The gist of the problem is:
for (let i=0;i<list.length;i++) {
AsyncCall_1({'someProperty': list[i] })
.then((resp_1) => {
resp_1.doSomething();
resp_1.AsyncCall_2()
.then((resp_2) => {
resp_2.doSomething();
})
})
}
after last resp.AsyncCall_2.then(()=> {
//do something
})
I need to sequentially chain all the promises so that, the loop waits for the "resp.AsyncCall_2" function to be resolved for its next iteration. After last "resp.AsyncCall_2" call do something. (since all the promises will be resolved the)
Actual Problem:
for (var i=0;i<todo.assignTo.length;i++) {
Users.findOne({'username': todo.assignTo[i] })
.then((user) => {
user.assigned.push(todo.title);
user.notificationCount.assignedTodosCount++;
user.save()
.then((user) => {
console.log("todo is assigned to the user: " + user.username)
})
})
}
//to something at last call resloved (I know this is wrong way of doing this)
Users.find({})
.then((users)=> {
var promises = [];
for (var i=0;i<users.length;i++) {
users[i].notificationCount.totalTodosCount++;
promises.push(users[i].save());
}
Promise.all(promises)
.then(()=> {
res.statusCode = 200;
res.setHeader('Content-Type', 'application/json');
console.log("todo is successfully posted");
res.json({success : true, todo});
},(err) => next(err))
.catch((err) => next(err));
})
Thank You in Advance..
In modern versions of node.js, you can just use async/await and don't need to use Bluebird iteration functions:
async function someMiddlewareFunc(req, res, next) {
try {
for (let item of list) {
let resp_1 = await AsyncCall_1({'someProperty': item });
resp_1.doSomething();
let resp_2 = await resp_1.AsyncCall_2();
resp_2.doSomething();
}
// then do something here after the last iteration
// of the loop and its async operations are done
res.json(...);
} catch(err) {
next(err);
}
}
This will serialize the operations (which is what you asked for) so the 2nd iteration of the loop doesn't start until the async operations in the first iteration is done.
But, it doesn't appear in your real code that you actually need to serialize the individual operations and serializing things that don't have to be serialized usually makes the end-to-end time to complete them be longer. So, you could run all the items in your loop in parallel, collect all the results at the end and then send your response and Bluebird's Promise.map() would be quite useful for that because it combines a .map() and a Promise.all() into one function call:
function someMiddlewareFunc(req, res, next) {
Promise.map(list, (item) => {
return AsyncCall_1({'someProperty': item}).then(resp_1 => {
resp_1.doSomething();
return resp_1.AsyncCall_2();
}).then(resp_2 => {
return resp_2.doSomething();
});
}).then(results => {
// all done here
res.json(...);
}).catch(err => {
next(err);
});
}
FYI, when using res.json(...), you don't need to set these res.statusCode = 200; or res.setHeader('Content-Type', 'application/json'); as they will be done for you automatically.

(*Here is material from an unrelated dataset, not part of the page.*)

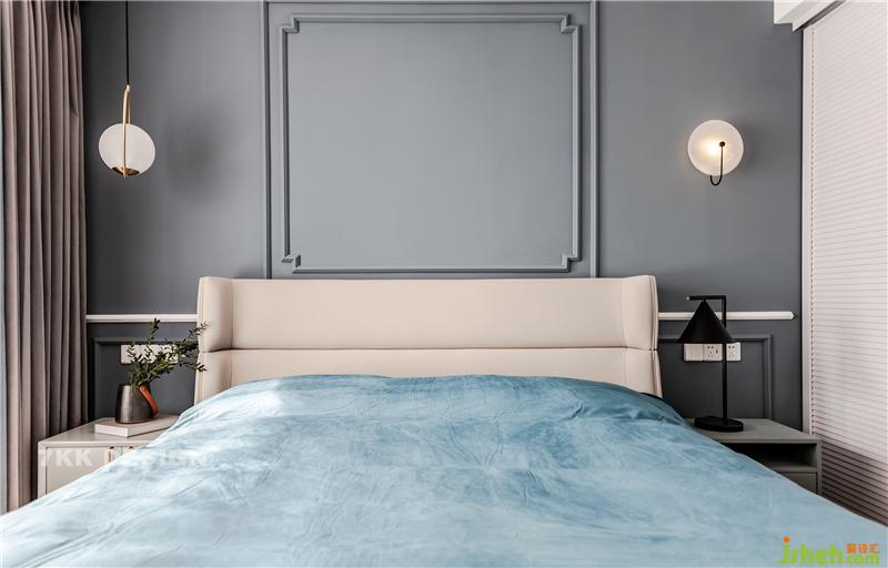 主卧床头背景墙色调与客厅沙发背景墙相呼应,石膏板线条丰富墙面立体感。

Further notes about Bluebird's Promise.map(). It accepts a {concurrency: n} option that tells Bluebird how many operations are allowed to be "in flight" at the same time. By default, it runs them all in parallel at the same time, but you can pass any number you want as the concurrency option. If you pass 1, it will serialize things. Using this option can be particularly useful when parallel operation is permitted, but the array is very large and iterating all of them in parallel runs into either memory usage problems or overwhelms the target server. In that case, you can set the concurrency value to some intermediate value that still gives you some measure of parallel execution, but doesn't overwhelm the target (some number between 5 and 20 is often appropriate - it depends upon the target service). Sometimes, commercial services (like Google) also have limits about how many requests they will handle at the same time from the same IP address (to protect them from one account using too much of the service at once) and the concurrency value can be useful for that reason too.
Have you tried Promise.each?
const users = todo.assignTo.map(function(user) {
return Users.findOne({'username': assigned_to });
}
Promise.each(users, function(user) {
user.assigned.push(todo.title);
user.notificationCount.assignedTodosCount++;
user.save()
.then((user) => {
console.log("todo is assigned to the user: " + user.username)
})
}
I'm trying to update a tool that was created a while ago which uses nodejs (I am not a JS developer, so I'm trying to piece the code together) and am getting stuck at the last hurdle.
The new functionality will take in a swagger .json definition, compare the endpoints against the matching API Gateway on the AWS Service, using the 'aws-sdk' SDK for JS and then updates the Gateway accordingly.
The code runs fine on a small definition file (about 15 endpoints) but as soon as I give it a bigger one, I start getting tons of TooManyRequestsException errors.
I understand that this is due to my calls to the API Gateway service being too quick and a delay / pause is needed. This is where I am stuck
I have tried adding;
a delay() to each promise being returned
running a setTimeout() in each promise
adding a delay to the Promise.all and Promise.mapSeries
Currently my code loops through each endpoint within the definition and then adds the response of each promise to a promise array:
promises.push(getMethodResponse(resourceMethod, value, apiName, resourcePath));
Once the loop is finished I run this:
return Promise.all(promises)
.catch((err) => {
winston.error(err);
})
I have tried the same with a mapSeries (no luck).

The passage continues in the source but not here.